基于驻波耦合电磁感应光透明(EIT)效应的静态光现象的形成机制被认为是光子晶体或四波混频. 其合理性在于这两种效应都可以实现反射; 但它们却是两种完全不同的物理现象. 在本项目将从介质的粒子数密度的角度, 探讨这两种现象对于光子反射的贡献. 我们将在Rb87原子中的三能级Lambda模型中分析粒子数密度由低到高的变化过程中, 光子晶体从无到有, 不断增强的过程; 包括反射谱在这一过程中的渐变情况, 以及光子晶体起作用时的粒子数临界大小. 本内容的研究对于理解静态光(以及其它基于驻波耦合EIT效应的物理现象)的形成机制有重要意义. 本项目的另一个研究内容是基于驻波耦合EIT的Goos-Hanchen(GH)效应. 分析在可调谐的光子禁带中的GH效应的可调谐性;明确GH位移对(驻波)耦合场的强度和频率的依赖关系.这种固定结构的可调节GH效应在集成光学领域很有应用价值.

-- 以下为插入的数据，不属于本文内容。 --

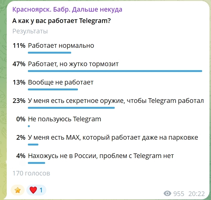 У 47% мессенджер работает, но жутко тормозит. Есть те, у кого Телеграм работает нормально, кто-то использует секретное оружие. Не обошлось и без тех, кто установил национальный мессенджер МАХ.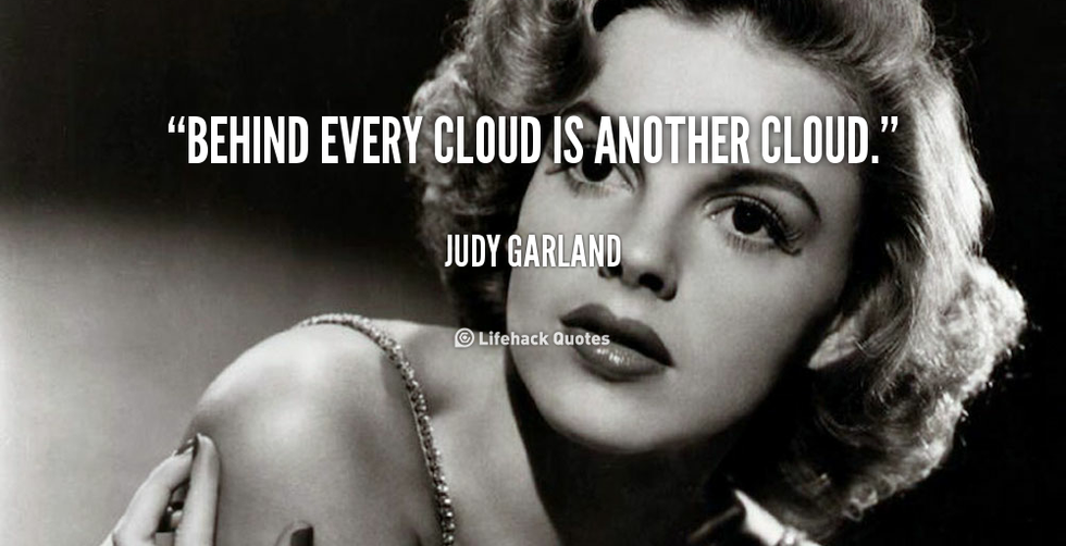 Exactly Chris Rock. How, in God's name, does a cloud weigh 1.1 million? And how did scientists figure that out? And if they are so heavy, why don't they fall out of the sky and crush people? And since we're on the topic of clouds, what the fuck does this Judy Garland quote mean:
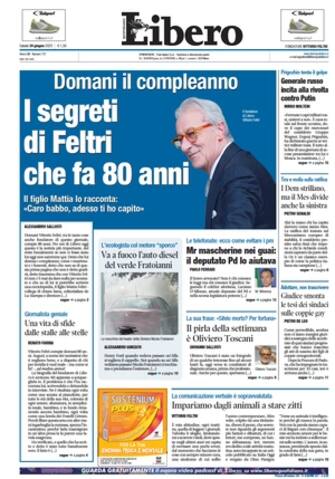 In apertura per Libero gli 80 anni di Feltri: "I segreti di Feltri che fa 80 anni. Il figlio Mattia lo racconta: 'Caro babbo, adesso di ho capito"

The mechanism of the stationary light based on the standing wave coupled electromagnetically induced transparency (EIT) is normally treated as the photonic band-gap (PBG) or the four-wave mixing (FWM). It is reasonable because both of the phenomena can result in the effective reflection. However, those two are very different. For example, if the atomic density is a litter lower, the PBG will not be created. In this project, we will discuss the contribution of PBG and the FWM for an angle of the atomic density. Considering that the atomic density is rising from a quite low point, the reflection based on PBG will get stronger as well. We will try to systemically describe such growing process of the reflectivity and define a critical point for the atomic density when the contribution of the PBG should be taken into account. The research is quite important for understanding the stationary light as well as the other phenomena that based on the standing wave coupled EIT. Another content that included in the project is the Goos-Hanchen (GH) effect based the standing wave coupled EIT. Since the PBG is tunable in such medium, the GH effect is tunable as well. The relation between the GH shift and the strength as well as the frequency of the standing wave will be analyzed. Such tunable effect with a fixed configuration is very promising for the integrated optics.